Interviewed experts:
Wang Jin Chairman of Beijing Shui Xin Guangtong Tax Agency Co., Ltd. Certified Public Accountant Certified Public Accountant China Vice President of Tax Planning Research Association
Zhang Chunxi, Chief Certified Public Accountant of Henan Sifang Certified Public Accountants, Tsinghua University, Master of Accounting
Small invoices hide big risks.
The change and influence of "camp reform" on enterprises involves many departments, such as enterprise management, production, sales, finance, logistics, etc., which are manifested in tax payment status, tax control equipment, tax calculation methods, tax declaration procedures and so on. If you want to choose a carrier to explain this change, the most intuitive is undoubtedly that small VAT invoice. The two interviewed experts agreed that we should not underestimate any special invoice for value-added tax, which is the place where enterprises that "increase the value of the camp" are most prone to tax risks.
Reporter: What should enterprises pay attention to when using special invoices for value-added tax? What are the most easily overlooked problems? What is the most common mistake?
Zhang Chunxi: Enterprises that "increase the value of VAT" should deeply understand the particularity of special VAT invoices and the strictness of monitoring and management. First of all, the special VAT invoice has a monetary function, which reflects the tax settlement relationship between enterprises and countries. Enterprises can deduct taxes with special invoices for value-added tax, while ordinary invoices originally used cannot generally deduct taxes with tickets except for special industries and regulations. Secondly, the tax authorities will impose heavy penalties on acts that violate the regulations on the management of special VAT invoices. Secondly, the contents of special VAT invoices are more than ordinary invoices. The contents of the special VAT invoice include the taxpayer's tax registration number, the amount excluding VAT, the applicable tax rate and the VAT payable, in addition to the contents required by ordinary invoices. Finally, the value-added tax belongs to extra-price tax, which is mostly calculated by the input tax and output tax of the detailed subject of tax payable, while the business tax belongs to in-price tax, all of which are included in the cost to offset the current profit and loss.

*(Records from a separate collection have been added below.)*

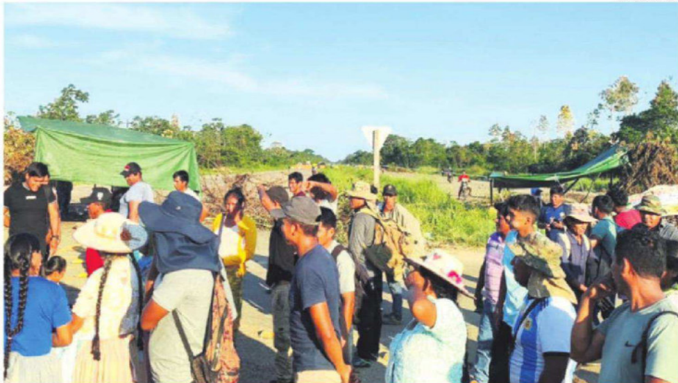
MÁS BLOQUEOS EN SANTA CRUZ. Interrumpen la carretera en Choré. Hubo violencia en Mairana
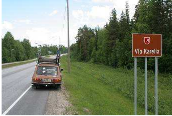
Touristenstraße mit wenig Verkehr; Via Karelia

das etwas unromantischer kommentiert: „Fische baumeln an einer Leine vor einem roten Haus!“
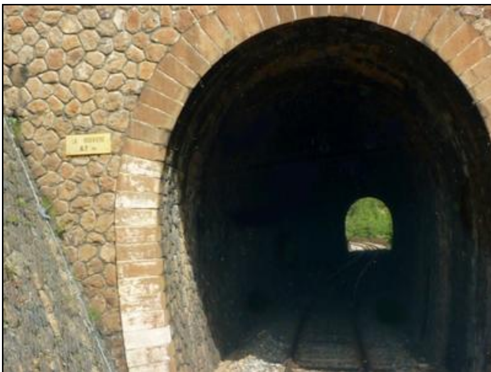
Gros plan sur l'intérieur de la galerie
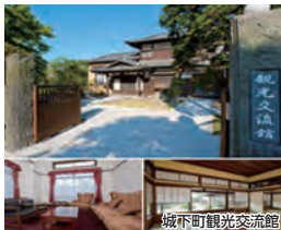
城下町観光交流館
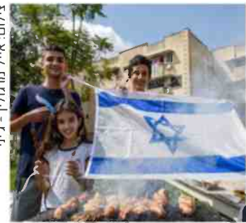
על האש, קריית שמונה

הצמדת ימי הזיכרון והעצמאות תמוהה: "רוב המדינות בעולם, כולל מדינות ערב, אירופה ואמריקה - מפרידות את יום הזיכרון מיום העצמאות. יש משהו בדנ"א היהודי שמרגיש בנוח עם ערבוב של עצב ושמחה. הסמיכות הזאת התקבעה בתרבות שלנו"
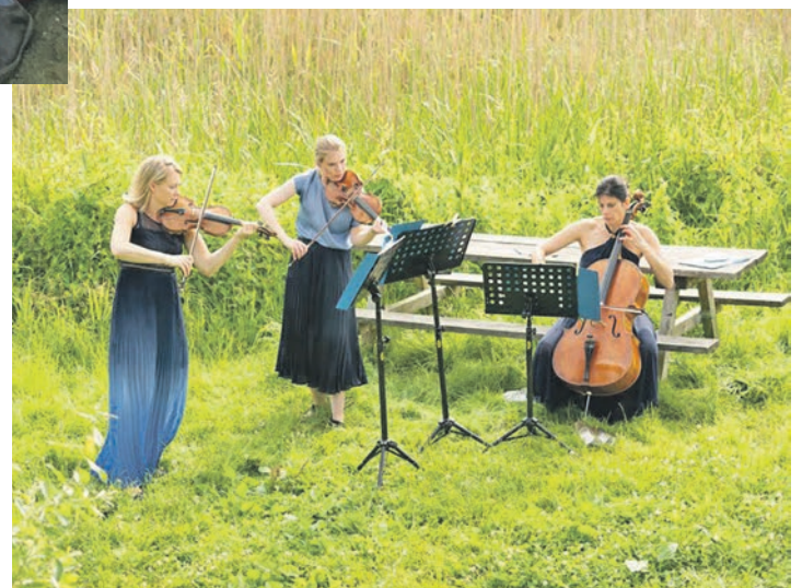
Das Ensemble „Capella Mobile“ gehört zu den Programmgestaltern des Musiksonntags.

und 5 Euro für Kinder ab sechs Jahren und Jugendliche. Letztere Preise gelten auch für das Nachmittags-Programm II inklusive „Musik und Dichtung“ (16 bis 18.30 Uhr) und das Abendprogramm einschließlich Salonmusik (18.30 Uhr bis 20 Uhr). Karten gibt es im Vorverkauf bei der Buchhandlung Schneider in Plön, der Buchhandlung am Markt in Preetz und der Preetzer Bücherstube. Tickets sind am Tag der Veranstaltung außerdem vor Ort auf Gut Wahlstorf erhältlich. Vorbestellungen von Tickets und Picknick-Boxen per E-Mail an info@gut-wahlstorf.com , bei Regen entfällt das Picknick auf der Wiese. Dann startet das Programm direkt um 15 Uhr in der Scheune.
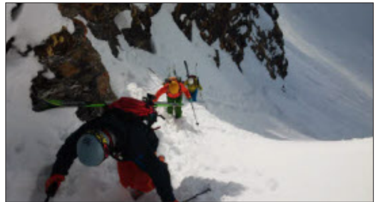
Mit den Ski geht's rauf auf den Gipfel, die Abfahrt lohnt die Mühen.
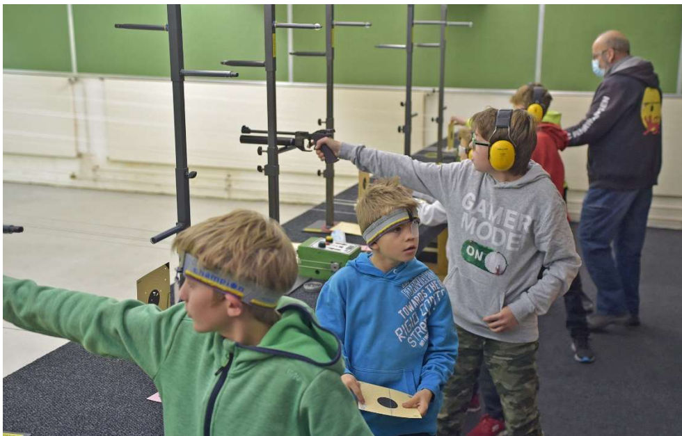
Der jüngste Pistolennachwuchs in der Schiessanlage im Badener Esp im Wettkampfeinsatz.
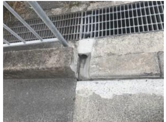
No.481 側溝改善・水溜り対策（深沢町）
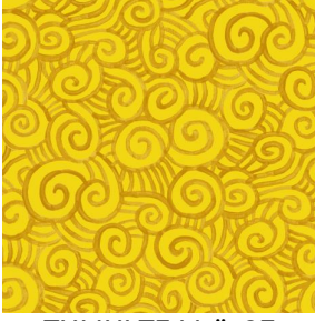
TUMULTE Mais 37
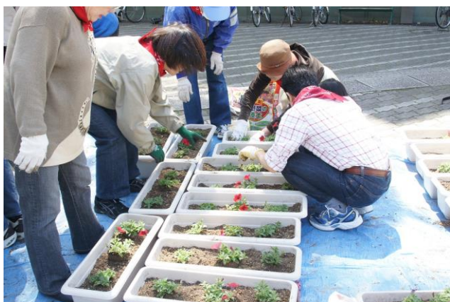
小さなプランターにも植えました
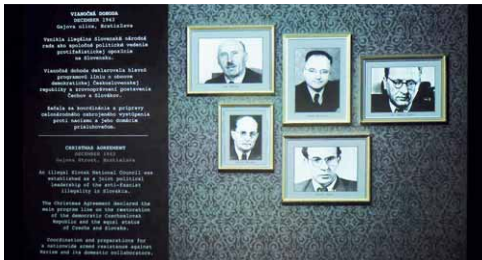
Boli to politici, kto Vianočnou dohodou rozhodol o príprave Povstania.

Za dlhú dobu spolupráce Pamätníku Terezín s Muzeem SNP jsem se spo-
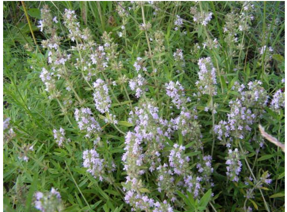
Чабрец, богородская трава
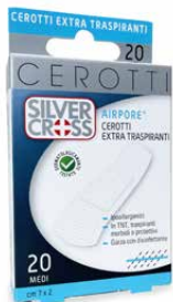
20 Cerotti Medi cm 7 x 2 €€ 0373
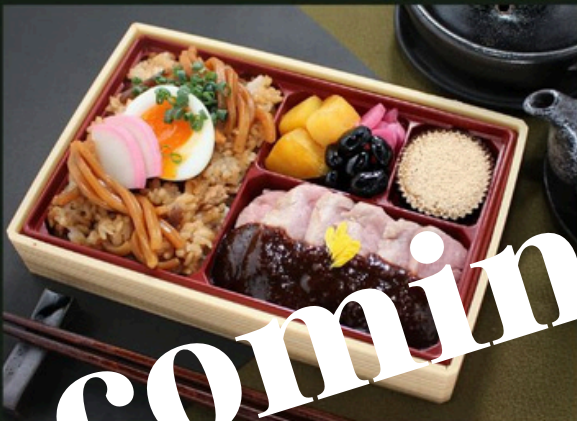
ヒレスターキ御膳【増量】 2160円 (税込)

味噌煮込みうどん飯 (麺入り) 大学芋 黒豆 漬物 黒糖ケーキ ビフテキ～100年八丁味噌ソース～
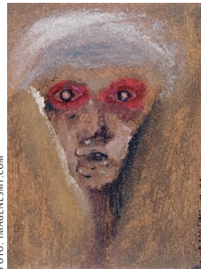
Schilderij van Arnold Schönberg, 1910

Maar tevergeefs: bij Schönbergs pianocomposities verlies ik geen moment het gevoel dat deze muziek ‘moeilijk’ is, ook niet als ik mijn aardappelschilmesje of Swiffer even wegleg en er in opperste concen- tratie naar luister. Het lukt me maar niet om concrete, menselijke emoties in de abstracte klanken te herkennen: er is geen mineur dat verlangen of verdriet uitdrukt, geen majeure dat me levenslustig maakt. Plotseling herinner ik me Schönbergs schilderij van een spookachtig gezicht dat me met verwarde rode, haast verbijsterde ogen aanstaart. Ik begin langzaam te vermoeden dat atonale composities even niet-wetend en zoekend zijn als die blik. Ja, dat ze zelfs één grote vraag zijn – een vraag naar wat klanken eigenlijk zijn, en naar wat muziek tot muziek maakt. «
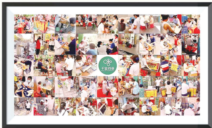
作品名称：40℃的坚守 作品描述：一群在工作中最帅最靓的千金营销人。 作者：千金药业 李剑

工作中，生活里，旅途间，有很多瞬间值得记录，有很多故事可以分享……近日，千金集团团委以“记录快乐，定格甜蜜”为主题，面向全集团青年开展了一次摄影大赛。活动一经推出，260余名青年踊跃参与，共征集到400余幅（组）摄影作品。本刊编辑从400余幅（组）摄影作品中精选出如下数幅（组），让我们一起来透过光影，分享千金人的精彩瞬间。
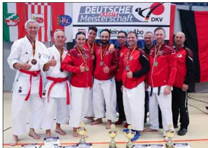
Das Berliner Meisterschaftsteam

Unsere jüngsten Mitglieder sind drei Jahre, die ältesten 65 Jahre alt. Trainiert wird in leistungsspezifischen und altersgerechten Trainingsgruppen. Mittlerweile ist unserer Karateschule bereits auf knapp 150 Mitglieder angewachsen und damit die mitgliederstärkste Karateschule der Stilrichtung Wado Ryu in Berlin.
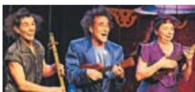
Los Excéntricos 2009
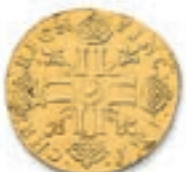
23 Louis à la mèche longue. Arras. 1656. (Dr. 216). 6,71 g. Traces sur la tranche. TB à Très Beau. 1432 ex. Un peu rare. 400 / 500 €
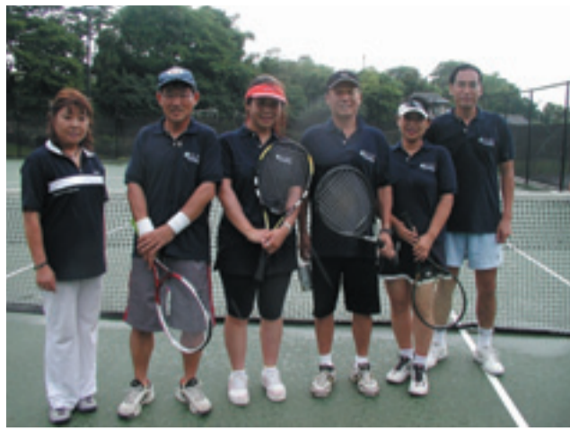
優勝した宇徳運輸Bチーム
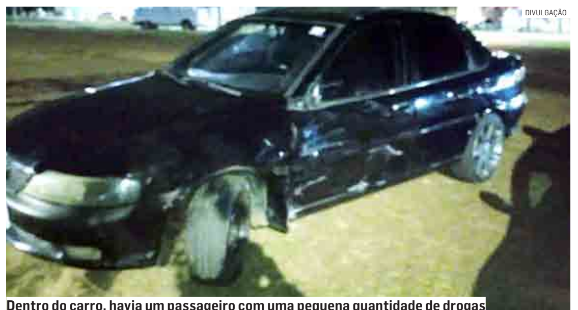
Dentro do carro, havia um passageiro com uma pequena quantidade de drogas

Já o motorista e o passageiro do carro foram conduzidos ao Plantão Policial, onde o caso foi registrado. Eles irão responder por porte de entorpecentes e omissão de socorro.
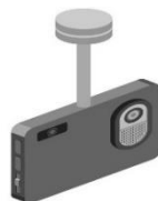
ドライブレコーダー

手頃な価格で購入することができ、設置も比較的簡単にできる！ 屋内用や屋外用もあり、自宅の防犯や家族の見守りに効果的。
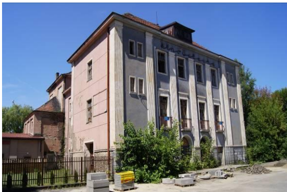
Dawne kino „Uciecha” przy ulicy 1 Maja
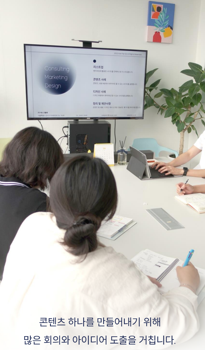
콘텐츠 하나를 만들어내기 위해 많은 회의와 아이디어 도출을 거칩니다.
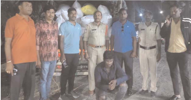
ఏపీ15టీఏ-8728 స్వాధీనం బియ్యాన్ని టాటా ఏసీ ట్రాలీ ఆటో, నిందితుడిని చేసుకున్నారు. తదుపరి విచారణ నిమిత్తం గోదావరిఖని వన్ టాన్ పోలీస్ స్టేషన్ లో స్వాధీనపరుచుకున్న 25 క్వింటాళ్ల పీడిఎస్ అప్పగించారు.
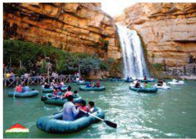
سيلافا گه لىي عه لى به گى

گهريان و سيرانگه يى كهرته كى ئابوورىه، ئەف كهرته ل هه مى دونياى ب كهرته كى ئەكتيف دهيته هژمارتن. ئەگەر حكومت ب پلان كار بو ئافاكرن و سه رتيخستنا فى كهرتى بهر كته تى ئابوورى بكهت و بدروستى بهرفه ريزكرنى تيدا بكهت و كهرتى نه مازه ژى پالدهت كو رولى خو د فى بيافى دا بگيريت. ههروه سا حكومت بو پيش تيخستنا فى كهرتى دشيت مفاى ژ هزر كه را بكهت و ل وى ده مى ئەف كهرته دى شيت سه ركيشيا پيشكه فتنى كته و د نافا وه لاتی دا سه ركيش بيت، ژبهركو گهريان و سيرانگه يى وهكى كانيا داهاتى دهيته هژمارتن، چنكى چ مه زاخنتيت مه زن تيناچن و
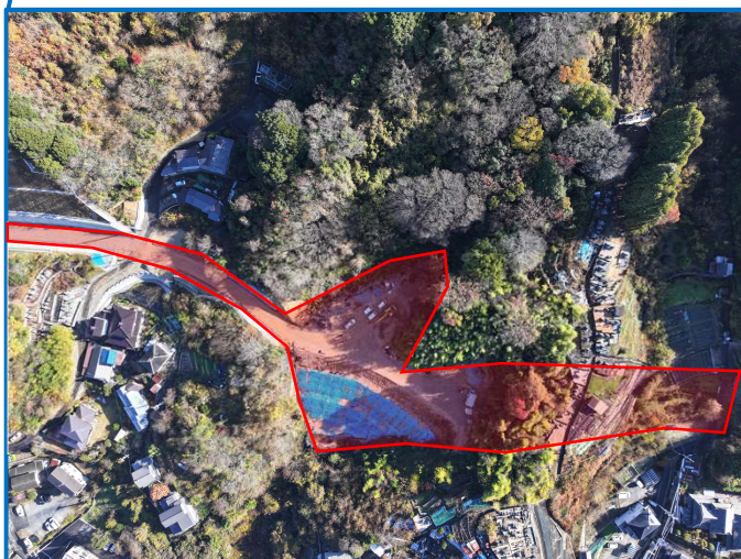
▲坂東環状線道路改良（その4）工事
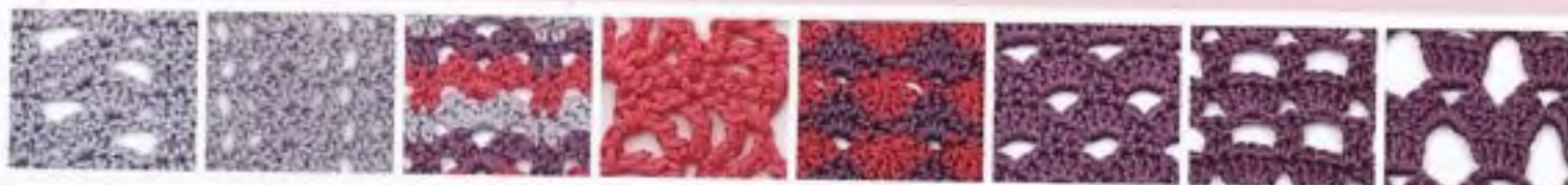
68 Střídavý mušličkový vzor
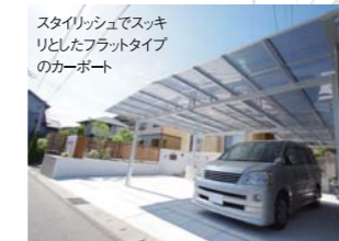
スタイリッシュでスっきりとしたフラットタイプのカーポート
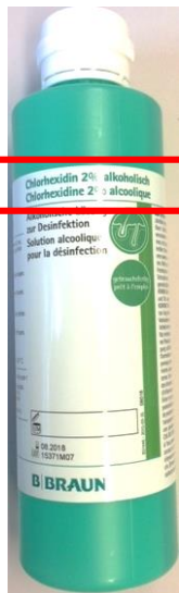
250mL Code article 423577

Chlorhexidine® sol alcoolique incolore 2% chlorhexidine
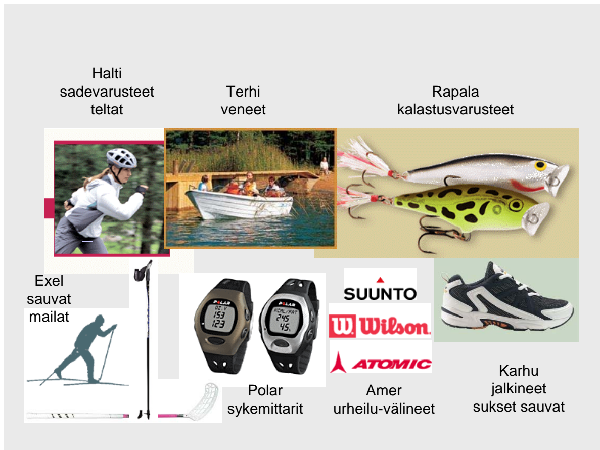
Kuva 3. Urheilun ja ulkoilun ympärille rakentunut klusteri – kollaasi suomalaisyrityksistä.

Taulukossa 9 on esitelty liikunnan ja urheilun ympärille rakentuneen vapaa-ajan klusteriin tavaroita valmistavia suomalaisyrityksiä. Myös liikunnan ja urheilun klusteriin on valittu sellaisia yrityksiä, joiden yritysviestinnästä tai mainonnasta on tunnistettavissa kuluttajalähtöisyys, nautinnot tai elämyksellisyys. Yrityksiä liiketoimintaideoihin on kirjattu vuosikertomuksissa tai markkinoinnissa esitetyjä liiketoimintaideoita. Yritysten kokoa kuvaa vuoden 2003 liikevaihto ja henkilöstön määrä. Lisäksi taulukkoon on kerätty tiedot myynnin jakautumisesta kotimaan ja ulkomaan kesken. Muuta-sarakkeessa on tietoja yrityksen omistuksesta, strategisista linjauksista, patenteista yms. Taulukon lopussa tunnistetun klusterin laajuutta on verrattu ensiksi urheilukaupan myyntiin ja toiseksi kenkäteollisuuden toimialaan.

There are two problems that are most easily overlooked in the use of special invoices for value-added tax by enterprises with "VAT reform". First, when issuing a special VAT invoice, there are incomplete elements, such as missing the taxpayer's bank and account number, tax registration certificate number, etc. This makes it difficult for the drawer to copy the tax return and for the drawee to authenticate. Second, the special VAT invoice needs to be separated from the price tax, and the total bid tax can be obtained by adding the two, while the ordinary invoice does not need to issue the price tax separately, but only needs to issue the total price tax together. The inertia operation of ordinary invoices for many years may make the drawer feel very uncomfortable.
The biggest mistake in using special invoices for value-added tax by enterprises with "VAT reform" should be making false invoices. Falsely issuing special invoices for value-added tax is not only an act strictly prohibited by the Measures for the Administration of Invoices and the Regulations on the Use of Special Invoices for Value-added Tax, but also a criminal act to be severely punished by the criminal law. 2065438+In July 2002, State Taxation Administration of The People's Republic of China issued Announcement No.33, reiterating the Provisions on Tax Collection and Compensation for Taxpayers Falsely Issuing Special VAT Invoices, and demanding that taxpayers be punished for falsely issuing special VAT invoices according to the relevant provisions of the Tax Administration Law and the Invoice Management Measures. Enterprises that "reform the camp" should pay close attention to it.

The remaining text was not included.